Have a Little Faith - Mitch Albom [16]
One time, he was sitting in a church classroom, explaining his religion to the students. A boy raised his hand with a question.
“Where are your horns?”
The Reb was stunned.
“Where are your horns? Don’t all Jews have horns?”
The Reb sighed and invited the boy to the front of the room. He removed the skullcap (kippah) that he wore on his head and asked the boy to run his hands through his hair.
“Do you feel any horns?”
The boy rubbed.
“Keep looking. Do you?”
The boy finally stopped.
“No,” he said, quietly.
“Ah.”
The boy sat down.
“Now where was I?” the Reb said.
Another time, the Reb invited an Episcopalian priest to address his congregation. The two men had become friendly, and the Reb thought it a good idea if clergymen were welcome in each other’s sanctuaries.
It was a Friday night service. After prayers were sung, the priest was introduced. He stepped to the pulpit. The congregation quieted.
“It’s a pleasure for me to be here,” he said, “and I thank the rabbi for inviting me…”

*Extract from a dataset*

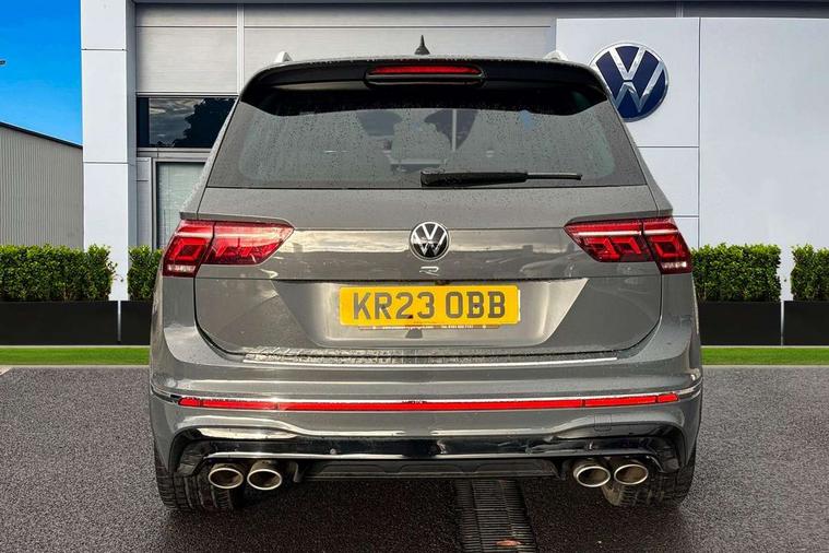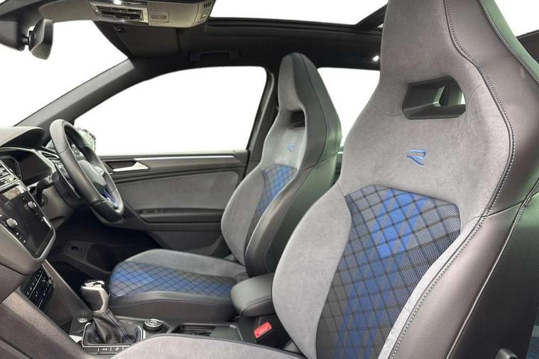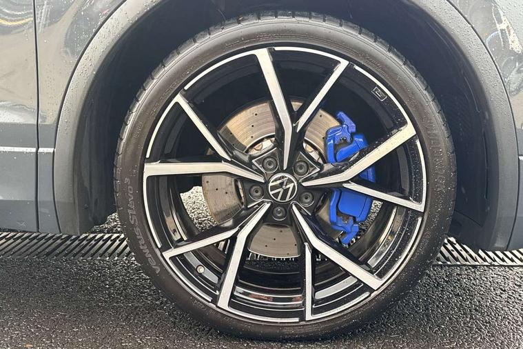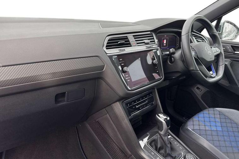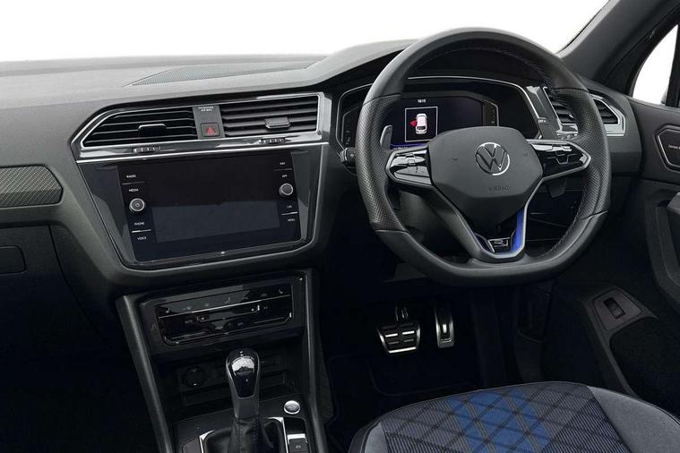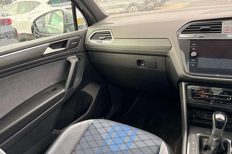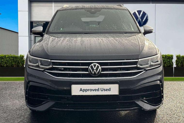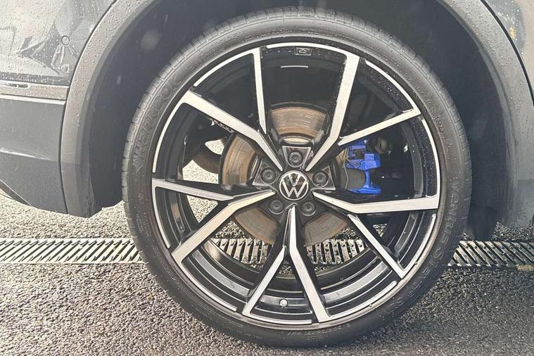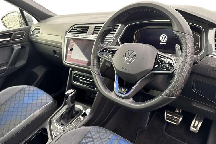 Adaptive cruise control ACC stop and go including speed limiter, App-Connect incl. App-Connect Wireless for Apple CarPlay and Android Auto, Bluetooth phone integration system, Distance control assist, Driver alert system, Driver profile selection, Dynamic road sign display, eCall emergency call system, Electromechanical speed sensitive power steering, Engine start/stop button, Instrument cluster mph speedometer Great Britain, Lane keeping system Lane Assist, Lights on warning, Motorised electric tailgate operated via key fob, drivers door and foot movement under tailgate, Multifunction front facing camera, Outside temperature display, Premium multifunction display with multi colour display, Rev counter, Revision / skills operating concept travel assistant, Service interval indicator, Speed limit display, Start/stop system with regenerative braking, Tailgate/trunk lid unlocking from outside, Trip computer, Warning sound and light for doors and tailgate open, ACC - Adaptive chassis contol with adaptive dampers, All wheel drive - 4Motion, Battery regeneration during braking, XDS electronic differential lock for improved traction and handling, 4 X 20 watt output, 8 Speakers, Diversity antenna for FM reception, SD card slot, Simultaneous pairing of 2 compatible mobile devices, SMS functionality - read, compose and send SMS messages using touch-screen display, Title and cover art display, USB C ports, Auto dimming interior rear view mirror, Automatic headlight control system, Body colour door handles, Body coloured door mirrors with integrated indicators, Chrome matt mirror covers, Chrome moldings on the side windows, Coming/leaving home lighting function, Dynamic headlight range control, Front and rear electric windows, Front illuminated door sills with R logo, Heated rear window, High level 3rd brake light, IQ light-Adv high beam, Dynamic light assist for LED matrix headlamp+LED separate DRL+DCL, dark red rear LED tech, Poor weather light+ cornering light, Laminated safety glass windshield, heat and sound insulating, LED rear number plate lights, License plate carrier in front and rear, Poor weather light and cornering light, Privacy glass for rear side windows and rear window, R-Logo light projection, R-Logo on radiator grille with side panels and rear, R-specific diffuser, painted black with cut out for trailer hitch, R-Specific front and rear bumpers, Rain sensor windscreen wipers, Rear fog lamp, Rear side wing doors, Rear spoiler in R style, Rear windscreen washer and wiper with interval delay, Side and rear windows in heat insulating glass, Silver anodised roof rails, Trailer Stability Programme, Windscreen wipers/ intermittent wipe + 4 position delay, 12V outlet in center console rear and in luggage compartment, 12V outlet in front and tray, 2 cup holders in front, 2 LED front reading lights, 2 LED rear reading lights, 3 bench rear seats in 2nd row, 3 rear headrests, 4 load lashing points, 40:20:40 split folding rear seats, Air Care Climatronic 3 zone automatic climate control with enhanced air filter and controls in the rear, Backrest release for left front seat, Black headlining, Climate control unit rear with touch function, Door and side trim panel in foam film, insert in leatherette, Floor mats with R-Logo and stitching, Front centre armrest, Front footwell illumination, Front seats head restraints (x-adjustment), Height adjustable front seats, Height/reach adjust steering wheel, Instrument lighting white adjustable panel illumination, Interior light with delay, Isofix Preparation 2 Rear child seats, Leather gear knob, Lighting door sill trim at front with R Logo, Lockable cooled glovebox, Luggage compartment lighting, Luggage net, Pedals and footrest in stainless steel, R Specific key caps, R-specific sport skin with R Logo in active Info dsiplay, R-taster (direct selection of race mode/ flap control), Rear bench seat asymetrically split folding, longitudinally movable and folding with load-through hatch and center armrest, Remote unlocking for rear seat backrest, Removable luggage cover, Removable rear headrests, Safety optimised front head restraints, Single front passenger seat, Sliding/reclining rear seats, Standard rear seat release, Storage compartment in driver's door, Storage compartment in passenger's door, Storage compartment in rear doors, Storage compartments in luggage area left and right, Storage tray on dashboard, Sun visors with illuminated vanity mirrors, Top sports seats integrated headrest, blue R-Logo in front seats, seat centre panels and outer rear seats in fabric inner side bolster art Velors, Variable boot floor, height adjustable and removable, Easy open and close pack with safelock - Tiguan, 3 point seat belt for centre rear seats, 3 point seat belts with seat belt pretensioners for the outer rear seats, Active bonnet, Curtain airbags for front and rear passengers, Driver/Front Passenger airbags, Drivers knee airbag, Electronic parking brake with auto hold, Electronic Stability Control with driver steering recommendation, ABS, ASR, EDL, EDTC and trailer stabilization, Front assist with autonomous emergency braking (for Adaptive Cruise Control ACC up to 130 mph), Front disc brakes, Front passenger airbag deactivation, Front side airbags, Height adjustable front 3 point seatbelts + pretensioners, Hill hold control, Manual child proof rear door locks, Pedestrian monitoring system, Power assisted brakes, Proactive passenger protection system in combination with front assist, Rear disc brakes, Rigid safety cell with front and rear crumple zones, Two tone horn, Tyre pressure monitoring system, Warning sound and light for front seat belts if unfastened, Anti theft alarm system with interior monitoring, backup horn and towing protection, Anti theft wheel bolts, Central locking system with safelock radio remote control and 2 remote control folding keys, Electronic engine immobiliser, Tool kit, Tyre mobility kit Includes 12V compressor and tyre sealant,

Suddenly, tears began to well in his eyes. He spoke about how good a man Albert Lewis was. Then he blurted out, in a gush of emotion, “That is why, please, you must help me get your rabbi to accept Jesus Christ as his savior.”
Dead silence.
“He’s a lovely person,” the priest lamented, “and I don’t want him to go to hell…”
More dead silence.
“Please, have him accept Jesus. Please…”
Few attendees ever forgot that service.
And then there was the time when a member of the Reb’s congregation, a German immigrant named Gunther Dreyfus, came racing in during a High Holiday service and pulled the Reb aside.
Gunther’s face was ashen. His voice was shaking.
“What’s wrong?” the Reb asked.
Apparently, minutes earlier, Gunther had been outside, overseeing the parking, when the Catholic priest came stomping out and began to yell about all the cars parking by his church, because it was a Sunday and he wanted the spaces for his members.
“Get them out of here,” he hollered, according to Gunther. “You Jews move your cars now!”
“But it’s the High Holiday,” Gunther said.
“Why must you have it on a Sunday?” the priest yelled.
“The date was set three thousand years ago,” Gunther replied. Being an immigrant, he still spoke with a German accent. The priest glared at him, then uttered something almost beyond belief.
“They didn’t exterminate enough of you.”
Gunther was enraged. His wife had spent three and a half years in a concentration camp. He wanted to slug the priest. Someone intervened, thankfully, and a shaken Gunther returned to the sanctuary.
The next day, the Reb phoned the Catholic archbishop who oversaw the area’s churches and told him what had happened. The following day, the phone rang. It was the priest, asking if he could come over and talk.
The Reb met him at the office door. They sat down.
“I want to apologize,” he said.
“Yes,” the Reb said.
“I should not have said what I did.”
“No, you should not have,” the Reb said.
“My archbishop had a suggestion,” the priest said.
“What is that?”
“Well, as you know, our Catholic school is in session now. And they will have their recess soon…”
The Reb listened.
Then he nodded and stood up.
And when the school doors opened and the kids burst out for recess, they saw the priest of St. Rose of Lima Catholic Church and the rabbi of Temple Beth Sholom walking arm in arm, around the schoolyard.
Some kids blinked.
Some kids stared.
But all of them took notice.
You might think that an uneasy truce; two men forced to walk around a schoolyard, arm in arm. You might think a certain bitterness would haunt the relationship. But somehow, in time, they became friends. And years later, the Reb would be inside that Catholic church.
At the priest’s funeral.
“I was asked to help officiate,” the Reb recalled. “I recited a prayer for him. And I think, by that time, he might have thought it wasn’t so bad.”
Life of Henry
Henry was often told “Jesus loves you,” and it must have been true. Because he kept getting second chances.